Sie sind gebürtiger Dortmunder, waren seit frühester Kindheit BVB-Fan, später bei dem Klub Spieler und Trainer. Sympathisieren Sie immer noch mit dem BVB?
Ja, natürlich tue ich das, auch wenn ich damals zum verkehrten Zeitpunkt am verkehrten Ort war. Das tut mir heute noch weh, gerade als gebürtiger Dortmunder, der die Möglichkeit hatte, einen solchen Verein zu trainieren. Das ist einfach schade. Ich hänge noch immer am BVB.
2000 waren Sie von Februar bis April in elf Spielen BVB-Trainer. Es gab keinen Sieg, bis Sie entlassen wurden. Wie hat sich das angefühlt?
Es war einfach schlimm. Ich war vorher nie ein Feuerwehrmann. Überall, wo ich gearbeitet hatte, habe ich etwas aufgebaut. Die Dortmunder Mannschaft hatte keine Zeit, mich kennenzulernen, ich konnte sie auch nicht genau kennenlernen. Das große Problem war, dass wir 13 verletzte Spieler hatten. Es kam alles so zusammen, wie man es seinem ärgsten Feind nicht wünscht. Ich muss ehrlich sagen, dass ich lange daran zu knabbern hatte. Es war immer mein Traum gewesen, so einen großen Verein zu trainieren.
Was trauen Sie dem BVB in dieser Saison noch zu?
Ich glaube, dass die Dortmunder die erneute Qualifikation für die Champions League schaffen werden. Nach dem 1:2 bei Atlético Madrid haben sie nun im Viertelfinale auch noch alle Möglichkeiten, das zu Hause zu drehen. Gerade die Partie am Samstag im Borussia-Park bietet für Gladbach aber nun einen Vorteil, weil der BVB am Mittwoch gespielt hat und am Dienstag wieder gegen Atlético spielen muss.

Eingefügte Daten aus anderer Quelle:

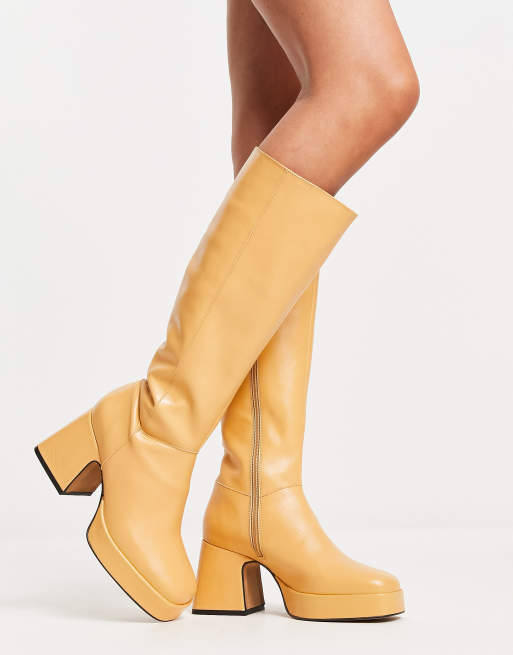 Topshop Holly premium leather platform knee high boot in camel ASOS

Wie sollte Gladbach dieses Spiel angehen?
Es gibt zwei Möglichkeiten. Die Gladbacher könnten versuchen, erst einmal sicher zu stehen und aus einer kompakten Defensive zu agieren. Oder: Weil der Gegner gespielt hat und müde ist, gehen sie drauf und fordern Dortmund erst einmal. Allerdings ist Gladbach gerade nicht in der Lage, jeden Gegner an die Wand zu spielen.